## [Data for the task]
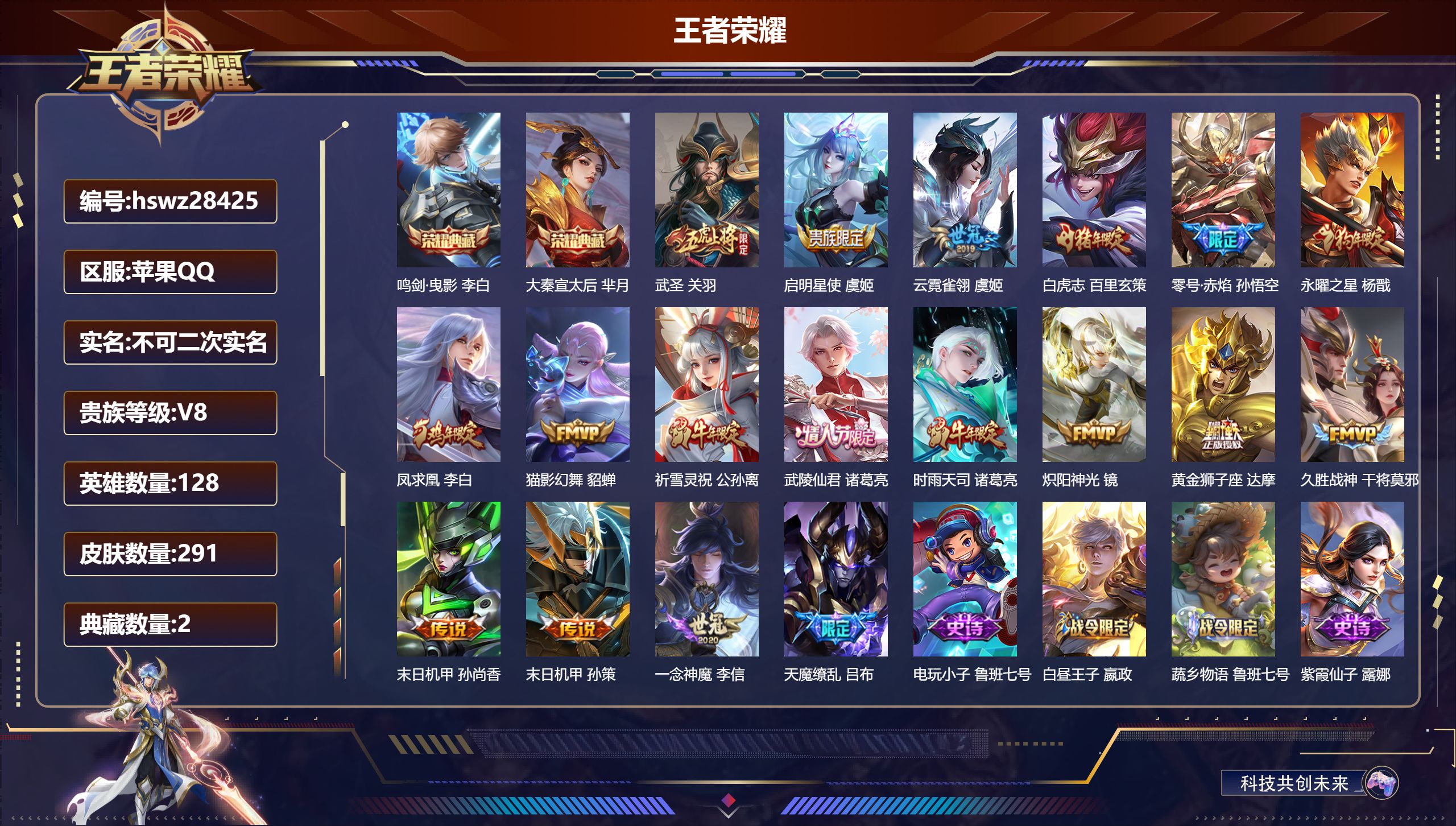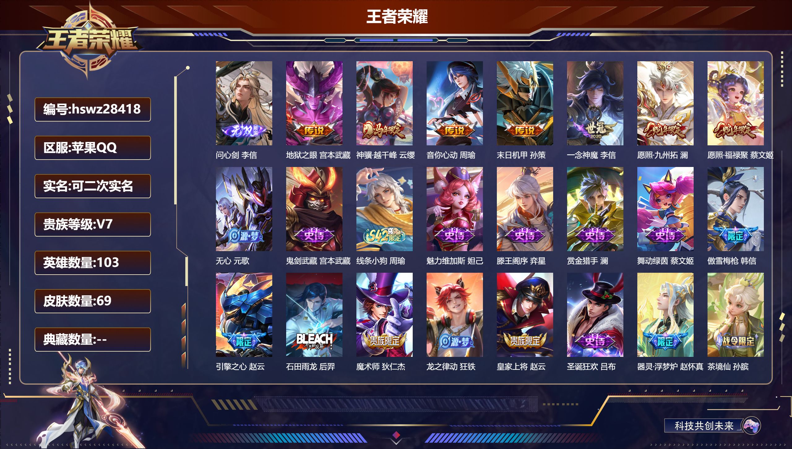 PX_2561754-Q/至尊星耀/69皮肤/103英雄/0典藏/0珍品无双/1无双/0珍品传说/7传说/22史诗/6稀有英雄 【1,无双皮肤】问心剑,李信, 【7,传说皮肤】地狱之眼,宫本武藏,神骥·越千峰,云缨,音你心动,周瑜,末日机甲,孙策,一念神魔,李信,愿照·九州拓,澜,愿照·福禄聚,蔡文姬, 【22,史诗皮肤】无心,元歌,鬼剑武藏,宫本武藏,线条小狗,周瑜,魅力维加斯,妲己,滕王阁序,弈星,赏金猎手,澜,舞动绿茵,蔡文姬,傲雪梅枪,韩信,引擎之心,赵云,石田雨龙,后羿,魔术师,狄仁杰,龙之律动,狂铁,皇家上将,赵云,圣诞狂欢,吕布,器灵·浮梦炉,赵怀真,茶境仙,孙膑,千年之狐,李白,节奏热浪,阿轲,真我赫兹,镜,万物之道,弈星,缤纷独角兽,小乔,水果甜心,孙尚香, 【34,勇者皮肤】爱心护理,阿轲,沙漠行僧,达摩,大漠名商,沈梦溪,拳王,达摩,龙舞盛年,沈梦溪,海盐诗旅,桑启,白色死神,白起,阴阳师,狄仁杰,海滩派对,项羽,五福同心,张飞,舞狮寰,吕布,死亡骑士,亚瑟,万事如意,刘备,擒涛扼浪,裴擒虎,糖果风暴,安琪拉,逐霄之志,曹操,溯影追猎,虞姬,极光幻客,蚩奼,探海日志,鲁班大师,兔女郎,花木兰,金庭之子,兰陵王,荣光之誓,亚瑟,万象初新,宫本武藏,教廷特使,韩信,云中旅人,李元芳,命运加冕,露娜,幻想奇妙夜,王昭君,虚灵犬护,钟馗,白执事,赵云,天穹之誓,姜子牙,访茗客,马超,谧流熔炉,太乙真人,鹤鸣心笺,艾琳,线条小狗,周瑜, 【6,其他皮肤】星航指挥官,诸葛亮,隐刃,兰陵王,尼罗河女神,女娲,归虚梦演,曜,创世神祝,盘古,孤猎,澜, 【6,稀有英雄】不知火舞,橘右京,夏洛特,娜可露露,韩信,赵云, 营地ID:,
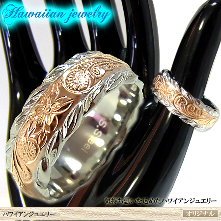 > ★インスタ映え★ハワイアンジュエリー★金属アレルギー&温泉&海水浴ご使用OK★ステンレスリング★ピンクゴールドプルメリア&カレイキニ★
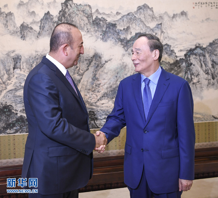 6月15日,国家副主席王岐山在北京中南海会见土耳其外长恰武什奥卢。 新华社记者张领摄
--
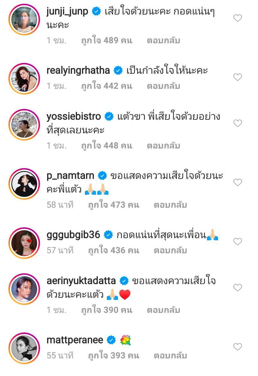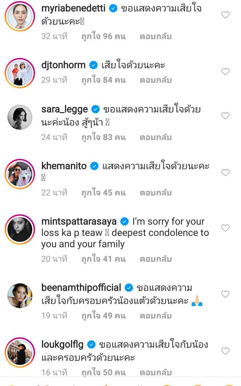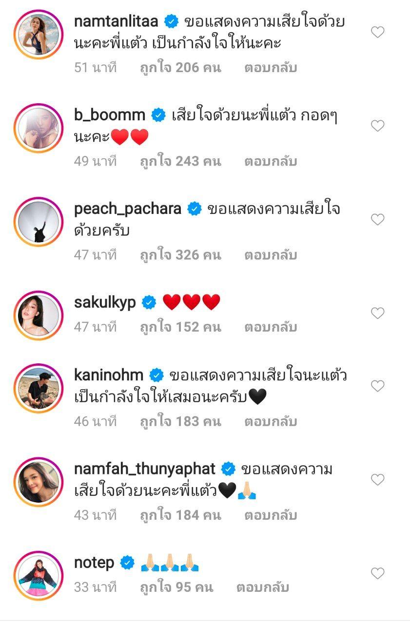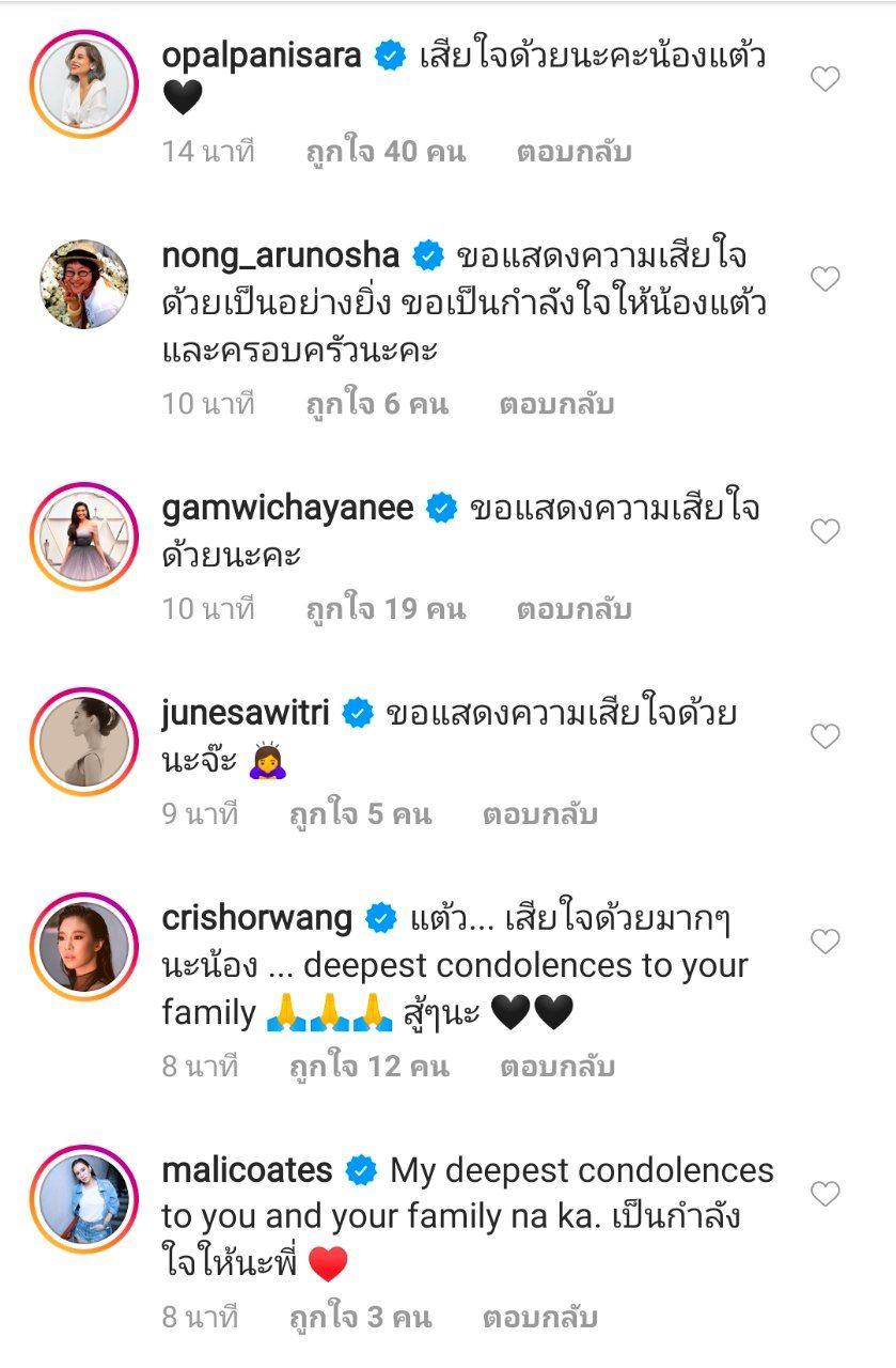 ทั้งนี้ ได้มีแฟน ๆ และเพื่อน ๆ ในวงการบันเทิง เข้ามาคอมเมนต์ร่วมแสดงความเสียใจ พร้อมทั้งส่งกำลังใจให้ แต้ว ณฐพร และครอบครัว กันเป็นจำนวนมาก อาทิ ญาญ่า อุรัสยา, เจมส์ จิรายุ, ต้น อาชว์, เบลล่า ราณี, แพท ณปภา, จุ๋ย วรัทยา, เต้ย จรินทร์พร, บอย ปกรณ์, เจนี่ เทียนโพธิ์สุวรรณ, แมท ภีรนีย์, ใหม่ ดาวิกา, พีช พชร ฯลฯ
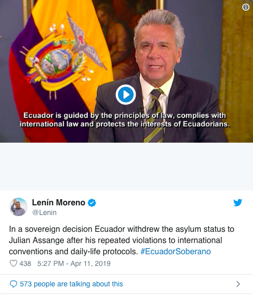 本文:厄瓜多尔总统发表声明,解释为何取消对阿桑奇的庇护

## [Work instruction]
Return exactly the part of the listing above that opens with the line containing "ทั้งนี้ ได้มีแฟน ๆ" and closes with the line containing "本文:厄瓜多尔总统发表声明,解释为何取消对阿桑奇的庇护". Pictures stay out.

## [Answer for this exercise]
 ทั้งนี้ ได้มีแฟน ๆ และเพื่อน ๆ ในวงการบันเทิง เข้ามาคอมเมนต์ร่วมแสดงความเสียใจ พร้อมทั้งส่งกำลังใจให้ แต้ว ณฐพร และครอบครัว กันเป็นจำนวนมาก อาทิ ญาญ่า อุรัสยา, เจมส์ จิรายุ, ต้น อาชว์, เบลล่า ราณี, แพท ณปภา, จุ๋ย วรัทยา, เต้ย จรินทร์พร, บอย ปกรณ์, เจนี่ เทียนโพธิ์สุวรรณ, แมท ภีรนีย์, ใหม่ ดาวิกา, พีช พชร ฯลฯ
 本文:厄瓜多尔总统发表声明,解释为何取消对阿桑奇的庇护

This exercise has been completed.